Building meaningful atomic models of polysaccharides automatically

Lead Research Organisation: University of York
Department Name: Chemistry

Abstract

Building meaningful atomic models of polysaccharides automatically


Project Description

We have recently assessed the methodological support for building atomic models of carbohydrates using data from macromolecular crystallography (MX) and electron cryo-microscopy (cryoEM), and found it to be very incomplete. As part of our analysis, we have found thousands of unlikely or indeed wrong carbohydrate structures in public macromolecular structure databases. One of the widely-accepted reasons for this is the lack of automated tools for creating and fitting atomic models of carbohydrates to the experimental data.
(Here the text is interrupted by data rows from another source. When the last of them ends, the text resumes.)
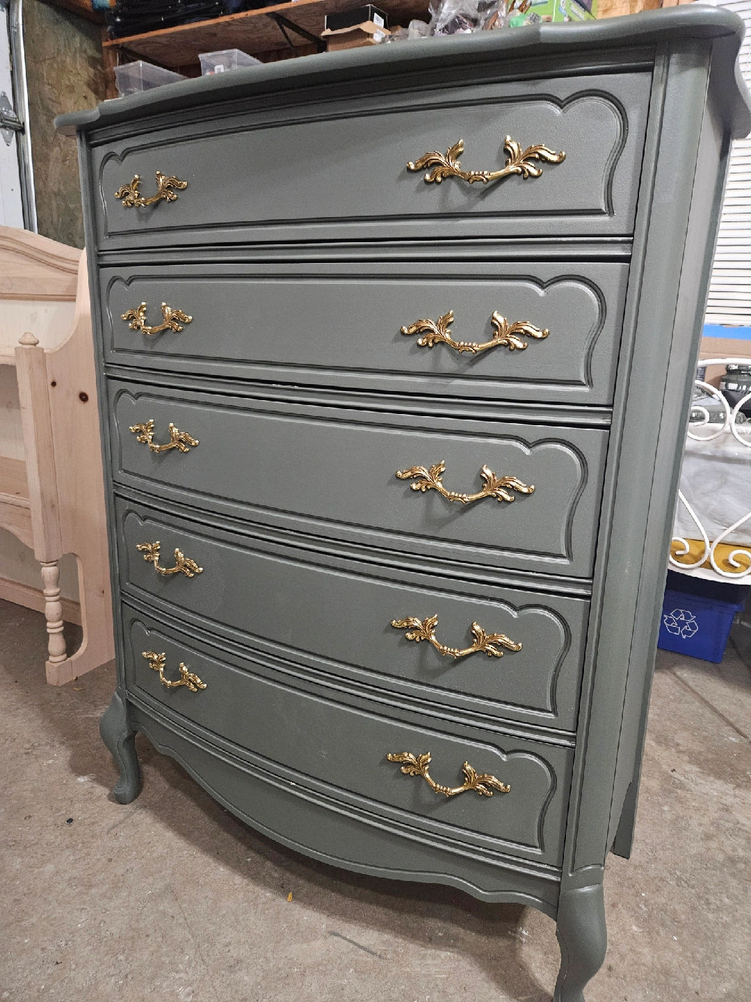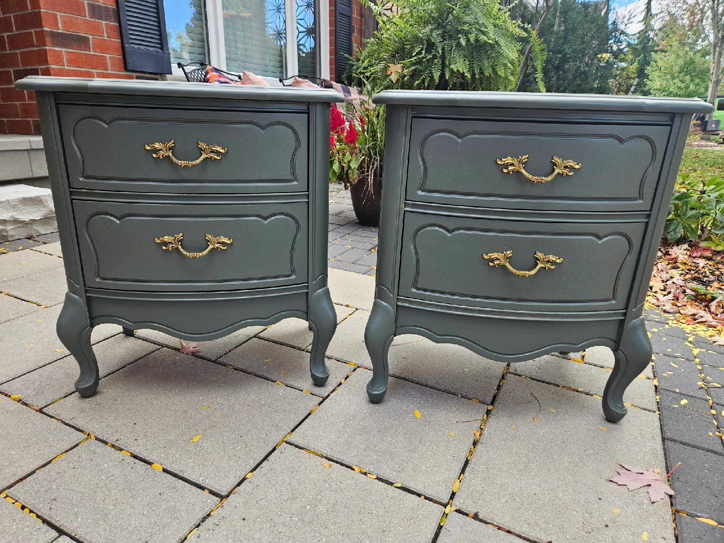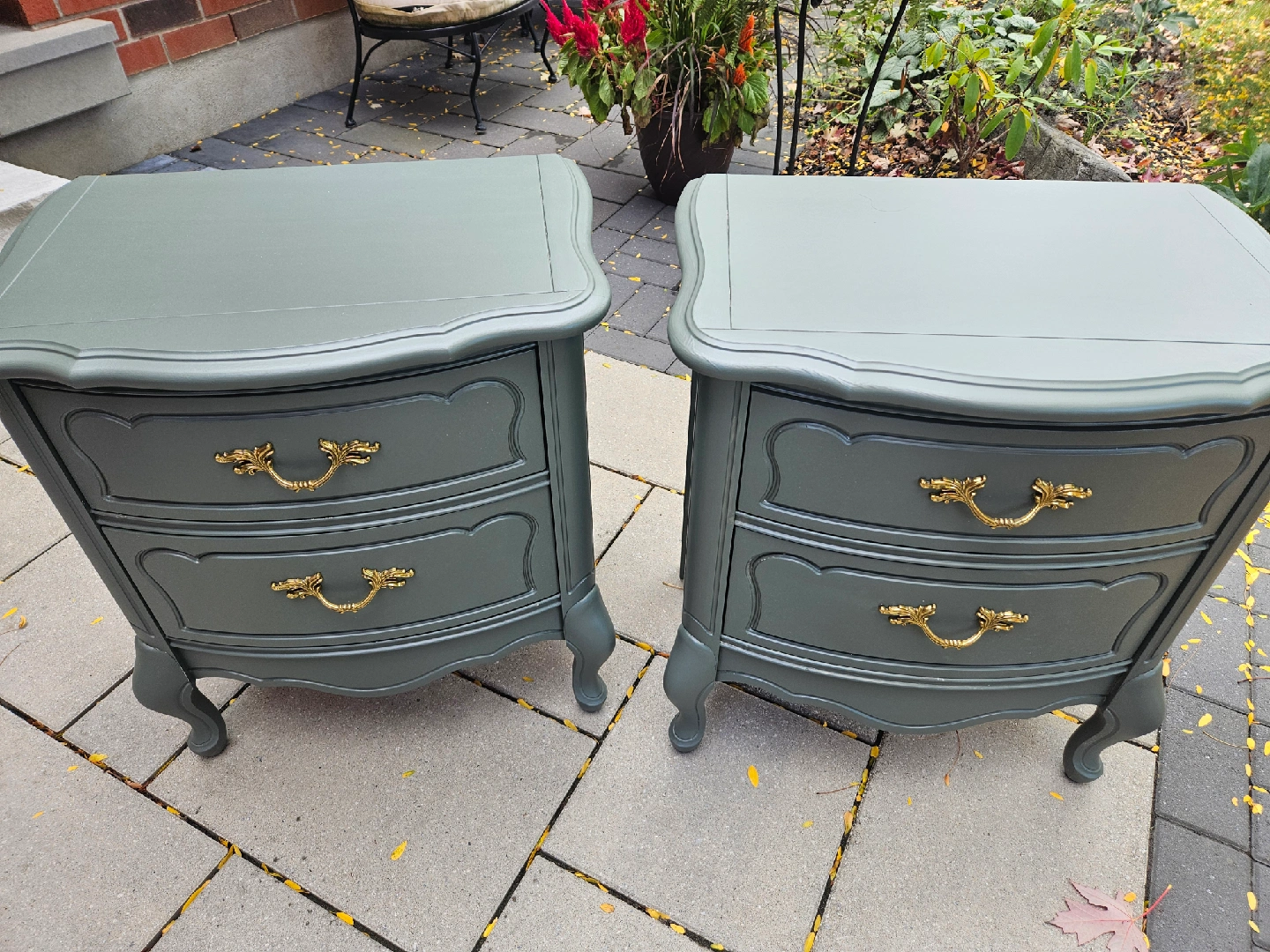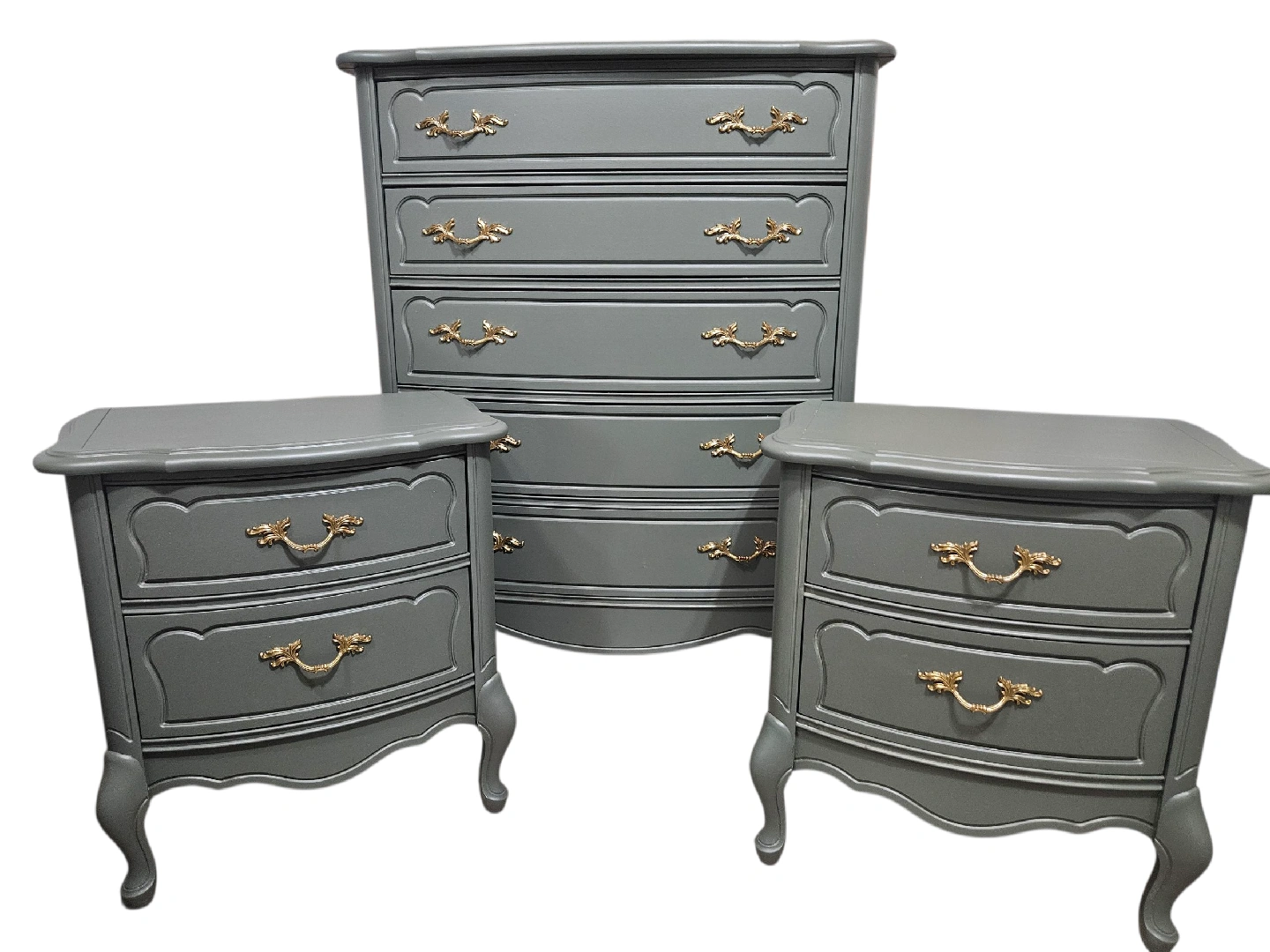 Selling a lovely dresser and two matching nightstands. They feature a stylish grey/green paint finish and ornate gold-tone handles. Perfect for adding a touch of elegance to your bedroom!
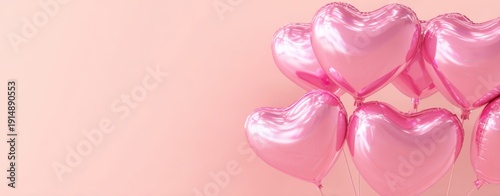 Fototapeta premium The Pink Heart Balloons Floating Against a Soft Pastel Peach Background for...
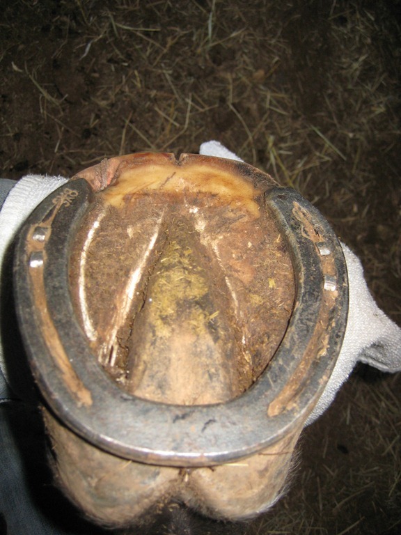 First injury and I am gutted. In his second shoeing, Roscoe got a close nail. At first, I wasn't overly worried. Nails happen. Pull the shoe, soak the foot, apply the tape, lather, rinse, repeat. Then he went three-legged lame. The abscess had probably sealed back up. However, no amount of reasoning helps when your horse looks at you pitifully and says his foot hurts too much to make it to the water trough. After second impromptu visit from the blacksmith, Roscoe is currently wearing his shoe backwards. This leaves the hole in the toe open yet provides support to his thin, Thoroughbred foot. As the supporting blacksmith explained, it has the added advantage of confusing anyone tracking us.
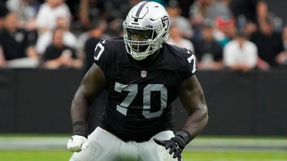 Former Las Vegas Raiders 2021 first round offensive lineman Alex Leatherwood was cut from the Raiders this week (file photo nfl.com)
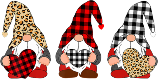 Three Gnomes Holding Leopard Heart Plaid Valentine
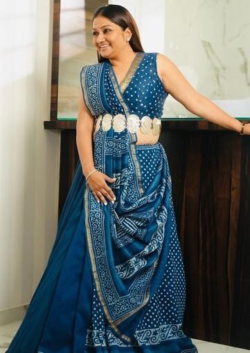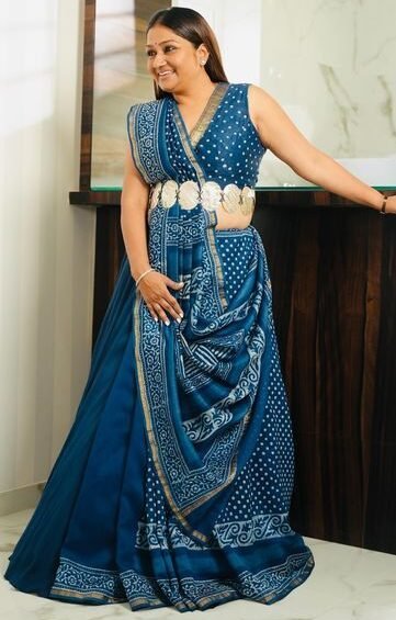 This look is centered around a rich indigo blue saree adorned with intricate Bandhani-inspired patterns and elegant border detailing. What sets this drape apart is the sleeveless V-neck blouse, mirroring the lines of the pallu for a clean, geometric finish that flatters the upper body beautifully.
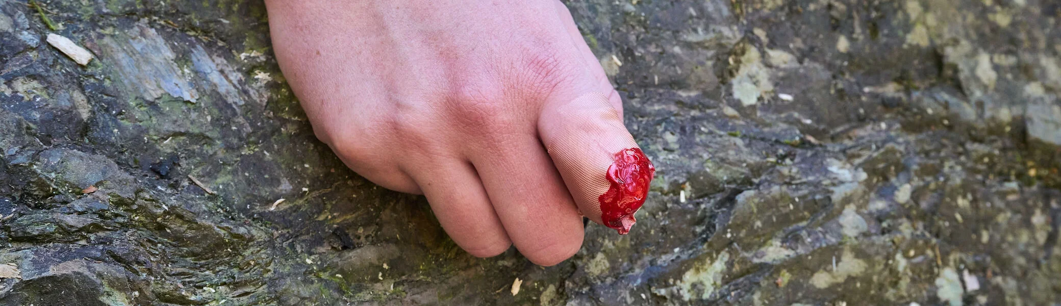 Ausgestattet mit reichlich Material inklusive Kunstblut, Schminke und Spielzeughubschrauber kämpfen wir uns durch die häufigsten Szenarien: Kreislaufprobleme, Schlaganfall und Herzinfarkt sind ebenso dabei wie Beinbruch und Schnittverletzung. Schnell wird mir klar: Nicht die Art der Unfälle ist in den Bergen das Besondere, sondern das Drumherum. Der Rettungshubschrauber kommt selten unter einer halben Stunde, auf andere Helfer kann man lange warten und wer hat schon einen Defibrillator im Rucksack. Hier ist klassische Ersthilfe gefragt: Opfer (und sich selbst!) sichern, Symptome abklären und dann Hand oder Verband anlegen.
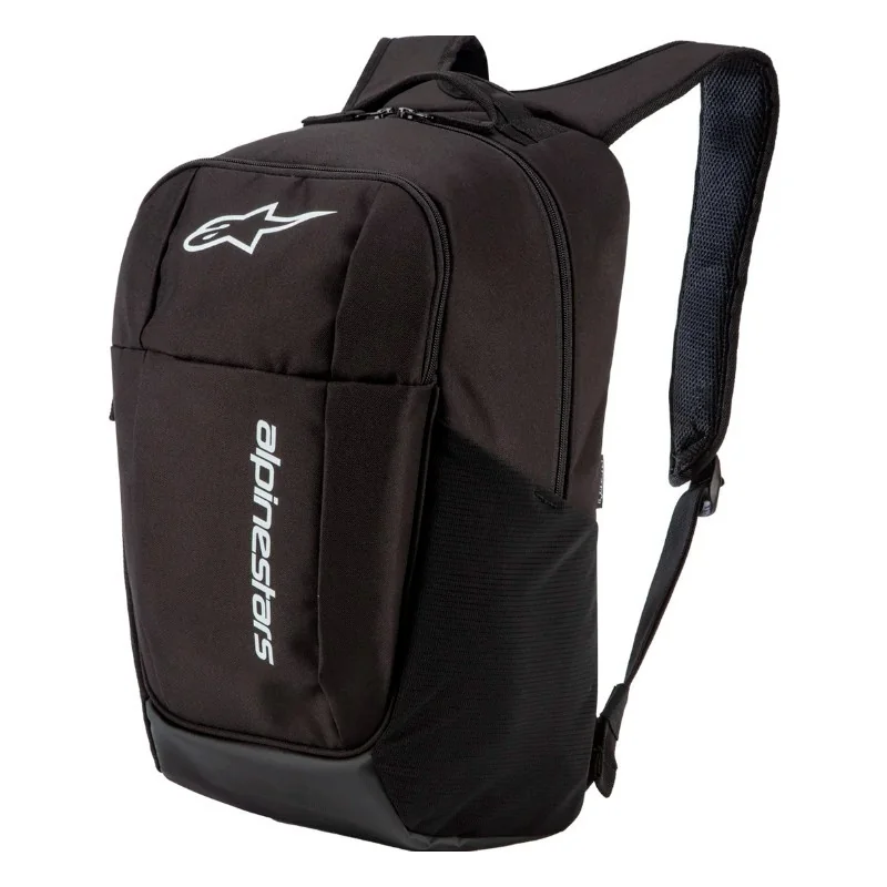 Mochila Alpinestars GFX V2 Negra . Mochila confeccionada en poliéster 600D. Cuenta con funda interna para portátil, bolsillos organizadores internos, bolsillo oculto y bolsillos laterales de malla para boptellas de agua. Correas y panel acolchada de malla transpirable. Logotipo de la marca en la parte frontal y capacidad de 15,9L.
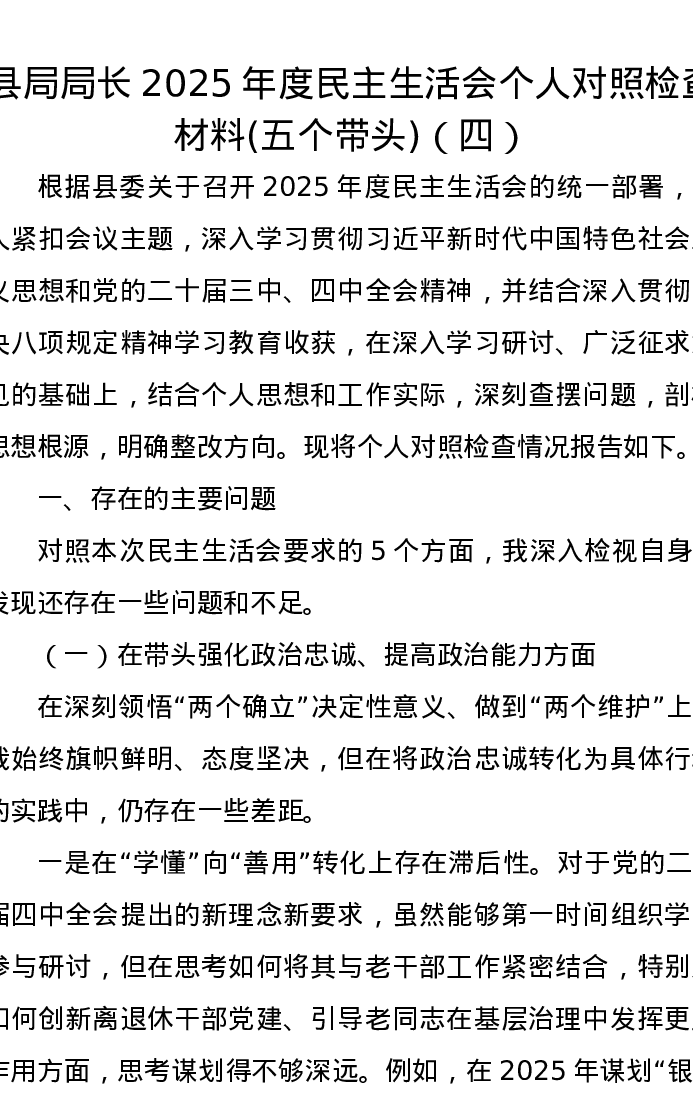 县局局长2025年度xxxxx个人对照检查材料(五个带头)(四)
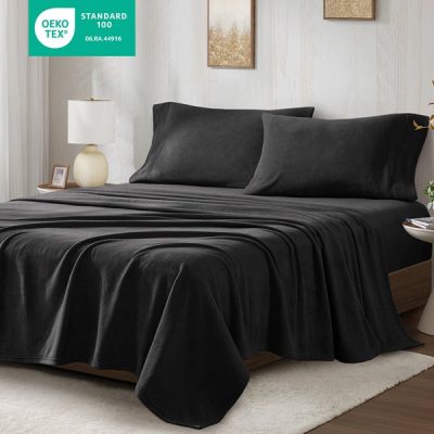True North by Sleep Philosophy Micro Fleece Sheet Set in Black, Queen TN20-0463
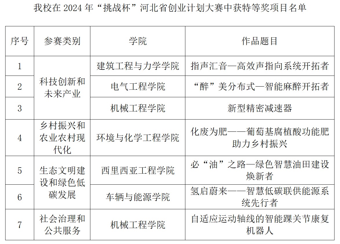 6月17日至19日,第十四届“挑战杯”河北省大学生创业计划竞赛终审决赛在河北农业大学举行。我校在本次大赛中斩获特等奖7项,并荣获优秀组织奖。
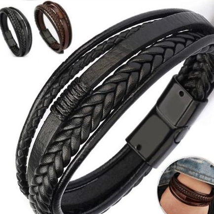3/4/5/6 Pcs Set Homens Pulseiras Moda Multilayer Braid Couro Bangles Jóias Presente Acessórios Atacado Fábrica

This is a problem now for MX, and it is likely to become a major problem for cryoEM as the technique becomes ever more popular.

We have an evolving set of high-performance tools - e.g. Privateer - which can be used as building blocks for creating a much bigger and capable computer program. While our software is built on efficient but harder to maintain languages (C++ with use of parallelism), we will use the high-level, easy to learn Python programming language to combine pre-existing modular code in logical ways. The ultimate goal is to build a computer program that combines all our knowledge of carbohydrate chemistry and glycobiology to create meaningful atomic models of branched polysaccharides. The tool will be evaluated against all published protein-carbohydrate structures - the results are expected to enhance or even increase our glycobiological insight.

This project is framed within the EPSRC Research Theme 'Physical sciences', covering several research areas such as Artificial intelligence, Biological informatics,Chemical biology and biological chemistry, Computational and theoretical chemistry, Databases, Digital signal processing, and Graphics and visualisation.